We talked one day, at the beginning of new-leaf, but I can't remember the words that were said. It seemed so unimportant at the moment, but in hindsight, it may have signalled the end of our fleeting relationship.
You said something. By then, you must have known it took me a while to respond to you. But you still barrelled onto the next topic like you always did. Something must have shown in my face or my actions, because your eyes seemed to dim. The stiltedness that had long since been gone from our conversations reappeared once more. Your replies got shorter and shorter until they faded away altogether.
From then on, we kept our distance. It stopped occurring to me to seek you out when I had free time. You started to slip away from my mind until I woke up one day and realized I hadn't thought of you in a while.
The best way for a relationship to come to an end, perhaps, is naturally.
It happens so slowly you barely even realize it.
No fights, no lies, no death. Nobody did anything wrong. You just realize that you don't have anything in common anymore. You can't make them smile or laugh or cry. You can't tell them everything, like you used to. You slowly start to drift apart until you're nothing more than strangers.
And yet, I still find myself looking back and wondering where it all went wrong.
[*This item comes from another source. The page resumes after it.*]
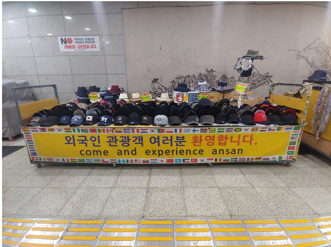
Figure 11: Stall selling baseball caps, Ansan.

representation. The vast majority of shops and restaurants in Itaewon use only two languages in their signboards and advertisements: Korean and English (Lawrence 2012). Other languages are used merely symbolically, mostly as a part of business names, as in the case of Vietnamese café named “Pho House,” referring to a famous Vietnamese dish, and the Uzbek restaurant “Lazzat” (“flavor” in Uzbek). Another Vietnamese restaurant has the name “Toi Toi” or “My My” (Figure 12) but its slogan – “Feel the real Vietnam” – is written in English. Ironically, an invitation to feel something real and authentic is made by means of another – global – language. In other cases, names are written in two languages, in English and in the ethnically relevant one: for example, “Egyptian restaurant Ali Baba” is written in larger letters in English than in Arabic. Also, many Muslim shops and restaurants place the word “halal” in Arabic on their signboards, but an almost equal number of them write “halal” in English. The American franchise “The halal guys” has a restaurant in Itaewon as well, and its name is written in English and transliterated into hangeul (in smaller letters) but without any written Arabic.

There is a grief in my chest I can't put into words. You are everywhere, but it is somehow different now. The gold has faded away—the edges of my word are stained with blue.
Do I even miss you? Or do I just miss the feeling of love you brought me?
…
You asked me once, when were you the happiest?
At the time, I had no answer. Now, I think about all the things I could've said.
It's so easy to miss things once they're over.